W czasach awersji do ryzyka rynki przeważnie chodzą razem i rzadko zdarzają się wyraźne wyjątki. Tak było też w przypadku SPW, których dochodowość obniżyła się na całej długości krzywej o śr. 11 pb., w tym na głównych węzłach (2Y, 5Y, 10Y) o 9, 11 i 10 pb. do odpowiednio 6,49%, 6,68% i 6,22%. Z kolei ciekawie zachowała się krzywa FRA: krótki koniec zmalał (w ślad za awersją do ryzyka), długi wzrósł (wycena FWK). W międzyczasie WIBOR 6M dołączył do grupy tenorów z szóstką z przodu.
W tle MF opublikowało szacunkowe wykonanie BP za marzec, z którego wynika, że odnotowaliśmy najwyższy marcowy deficyt w historii (-11,5 mld zł). To pochodna znacznie silniejszego od wzorca sezonowego spadku dochodów (-13,4% m/m) oraz zaangażowania polskiego rządu w skutki konfliktu na Ukrainie (dodatkowe wydatki).
Dziś możliwa jest kontynuacja spadków dochodowości SPW w ślad za spodziewanym zachowaniem rynków bazowych. Wspomagać ten scenariusz powinny spadające ceny ropy naftowej. Ograniczeniem dla poprawy wycen jest komponent związany z wzrostem napięcia na Ukrainie po porannych wypowiedziach Ławrowa.

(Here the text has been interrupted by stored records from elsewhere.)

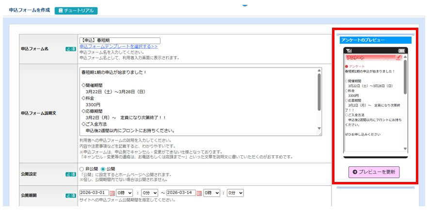【ご利用者様へお知らせ】申込フォームのプレビュー表示廃止されます。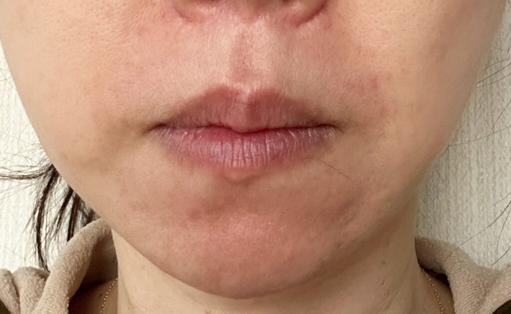 私が一番気にしている口横のポニョ。とくに右側が膨らんでいる。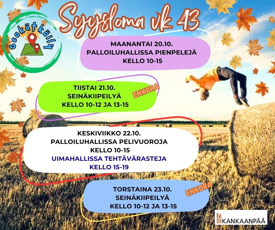 - to 23. lokakuuta kello 10–12 ja 13–15 seinäkiipeilyä palloiluhallin kiipeilyseinällä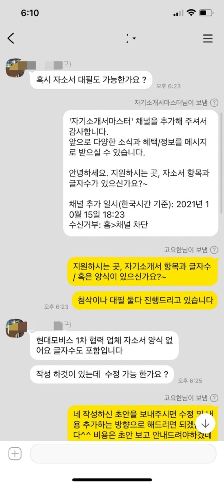 한국투자증권 자소서 첨삭 대필 합격후기
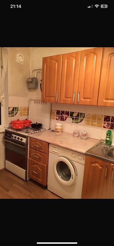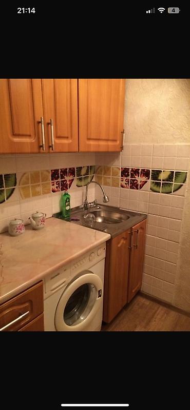 - Кухня: гарнитур с верхними и нижними шкафами, рабочая столешница, мойка, газовая плита с духовкой, вытяжная вентиляция, холодильник, стиральная машина. Фартук из плитки с декоративными вставками. Окно с тюлем, радиатор, линолеумное напольное покрытие.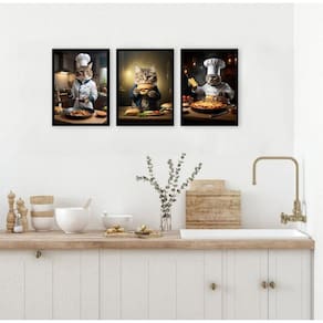 Kit 3 quadros para cozinha gatos com comidas 24x18cm Cor: moldura branca Informações do produto tire todas as suas dúvidas no descritivo abaixo: decoração para quarto, sala, cozinha, escritório, área gourmet e muito mais. Chega de paredes vazias medidas - cada peça tem 24x18cm a5 . Material do papel - papel fotográfico brilhante de altíssima resolução acabamento - todos os quadros são acompanhados de uma película de acetato para proteção da imagem. - os quadros são embalados de forma segura com plástico bolha com camada dupla de acordo com o tamanho dos quadros. Garantia - garantia de 3 meses. Meu quadro chegou. Como posso fixá-lo Você precisa apenas de um martelo e um prego, pois os quadros já vão acompanhados de penduradores. Esta é a forma mais indicada. Caso prefira, você pode utilizar uma fita dupla face neste caso, sugerimos de alta qualidade para evitar que descole e seu quadro caia . Como posso limpar meu quadro A limpeza é feita como um móvel comum da sua casa. Apenas um pano seco ou espanador são suficientes para tal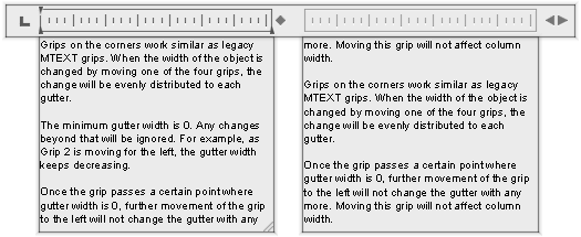 You can create and edit multiple columns in multiline text using the In-Place Text Editor column options and column grips. Editing columns using grips allows you the flexibility of seeing the changes as you make them.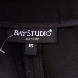 Brand New with Tags (NWT) Bay Studio Black Career Classic Pants, Women's Size 16. These elegant and comfortable dress pants feature unique beaded embellishments and a stylish chevron pattern on the waistband, perfect for office wear or a sophisticated casual look.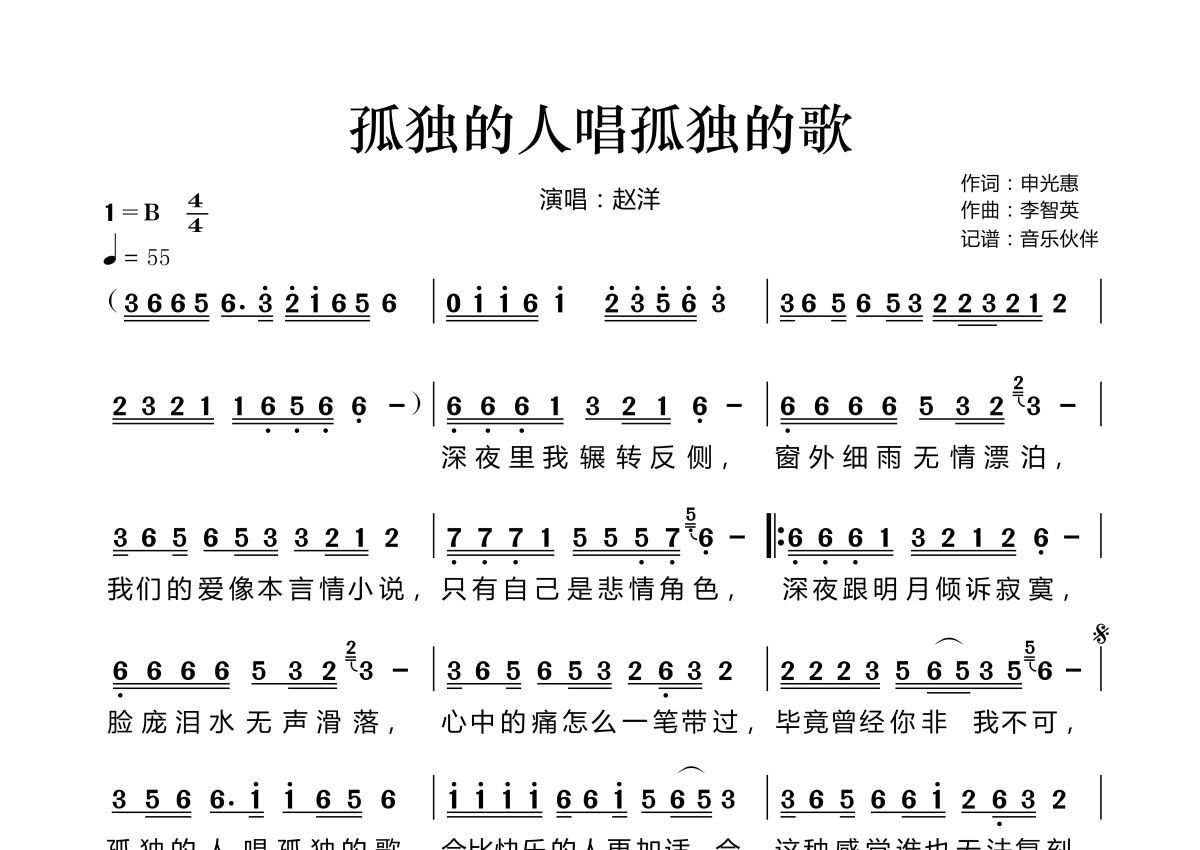 孤独的人唱孤独的歌简谱 - 赵洋演唱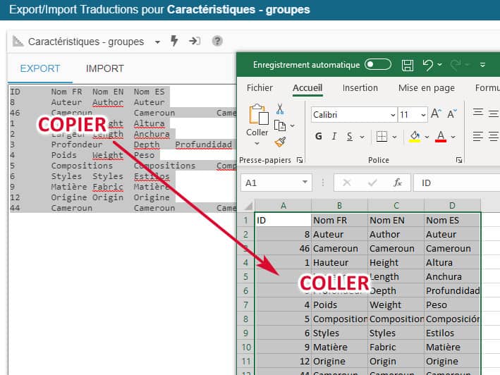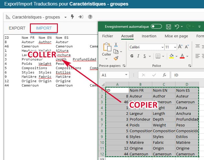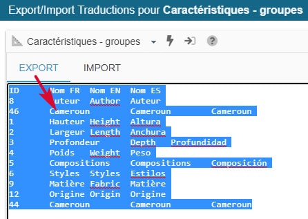 Grâce à l'outil d'export/import dédié aux caractéristiques, vous allez pouvoir traduire les noms des groupes et des valeurs de caractéristiques dans toutes les langues de la boutique très simplement et aussi très rapidement !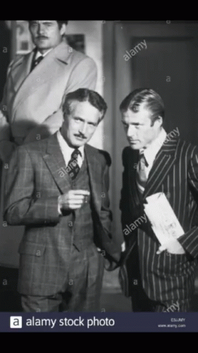Three men in suits and ties stand seriously, likely from the classic film The Sting.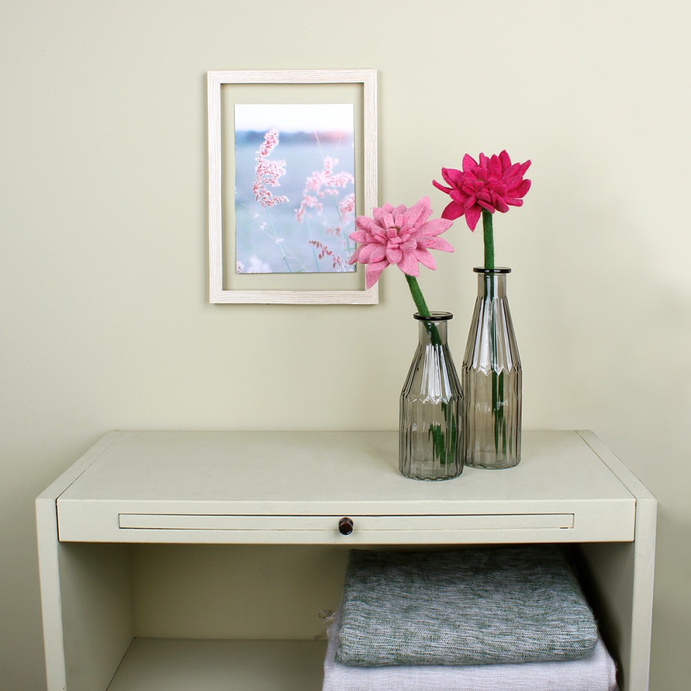 Deze gerbera komt uit de viltcollectie van Sjaal met verhaal. In de steel is metaaldraad verwerkt, waardoor je de bloem in de gewenste vorm kunt buigen. Een duurzame, tijdloze decoratie die het goed doet in elk interieur.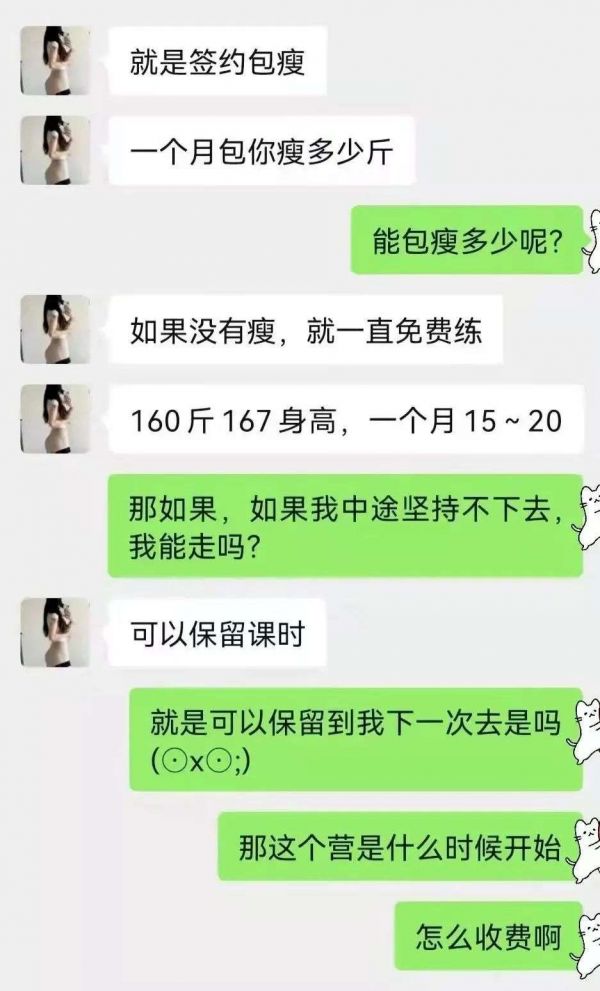 当燃财经询问“我现在150斤,想减重到120斤,一个月可以吗?”时,该销售顾问避重就轻地回答:“减重30斤的话,1-3个月都有可能,建议先报一个月的课程试试看。”当感觉到燃财经对减肥时间和减肥斤数有所犹豫后,该销售则迅速转变了话风,“签约包痩,一个月15-20斤”,并承诺“如果没有瘦,就一直免费练。”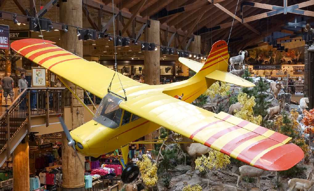 A 7/28/12 photo by Dan Vincent of an Aeronca 7AC Champion which hangs in the middle of the Cabela's sporting goods store

Dolar aprecjonuje wobec ciemnych chmur
Dolar zyskiwał powszechnie na fali awersji do ryzyka. W przypadku kursu EURUSD notowania obniżyły się o 80 pb. do 1,0720. Jednymi walutami, wobec których dolar nie zyskał, były frank i jen – sztandarowe bezpieczne przystanie.
Dziś rano EURUSD nerwowo zareagował na wzrost napięcia w relacjach Zachód-Rosja po wypowiedziach rosyjskiego ministra spraw zagranicznych. Sądzimy, że w tym otoczeniu presja na osłabienie euro utrzyma się, zaś publikowane po południu dane z USA będą wspierały umocnienie dolara.